Recommended website resolution (width and height)?

Aximili picture Aximili · Jan 19, 2009 · Viewed 342.3k times · Source

Is there any standard on common website resolution?

We are targeting newer monitors, perhaps at least 1280px wide, but the height may varies, and each browser may have different toolbar heights too.

Is there any sort of standard to this?

Answer

Karl Fast picture Karl Fast · Feb 12, 2009

The advice these days is:

Optimize for 1024x768. For most sites this will cover most visitors. Most logs show that 92-99% of your visits will be over 1024 wide. While 1280 is increasingly common, there are still lots at 1024 and some below that. Optimize for this but don't ignore the others.

1024 = ~960. Accounting for scrollbars, window edges, etc means the real width of a 1024x768 screen is about 960 pixels.
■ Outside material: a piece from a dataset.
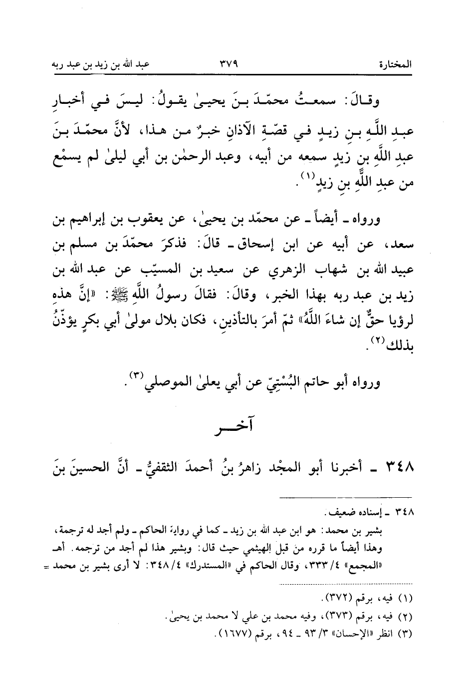 عَبْدِ الْمَلِكِ الْخَلَّالَ أَخْبَرَهُمْ، أَبْنَا إِبْرَاهِيمُ بْنُ مَنْصُورٍ، أَبْنَا مُحَمَّدُ بْنُ إِبْرَاهِيمَ، أَبْنَا أَبُو يَعْلَى أَحْمَدُ بْنُ عَلِيٍّ الْمَوْصِلِيُّ، ثَنَا مُحَمَّدُ بْنُ الْمُثَنَّى، ثَنَا عَبْدُ الْوَهَّابِ، ثَنَا عُبَيْدُ اللهِ، عَنْ بَشِيرِ بْنِ مُحَمَّدٍ، عَنْ عَبْدِ اللهِ بْنِ زَيْدٍ (ح).

Some tools are based on a slightly smaller size, about 940. This is the default container width in twitter bootstrap.

Don't design for one size. Window sizes vary. Don't assume screen size equals windows size. Design for a reasonable minimum, but assume it will adjust.

Use responsive design and liquid layouts. Use layouts that will adjust when the window is resized. People do this a lot, especially on big monitors. This is just good CSS practice. There are several front-end frameworks that support this.

Treat mobile as a first-class citizen. You are getting more traffic from mobile devices all the time. These introduce even more screen sizes. You can still optimize for 960, but using responsive web design techniques means your page will adjust based on the screen size.

Log browser display info. You can get actual numbers about this. I found some numbers here and here and here. You can also rig your site to collect the same data.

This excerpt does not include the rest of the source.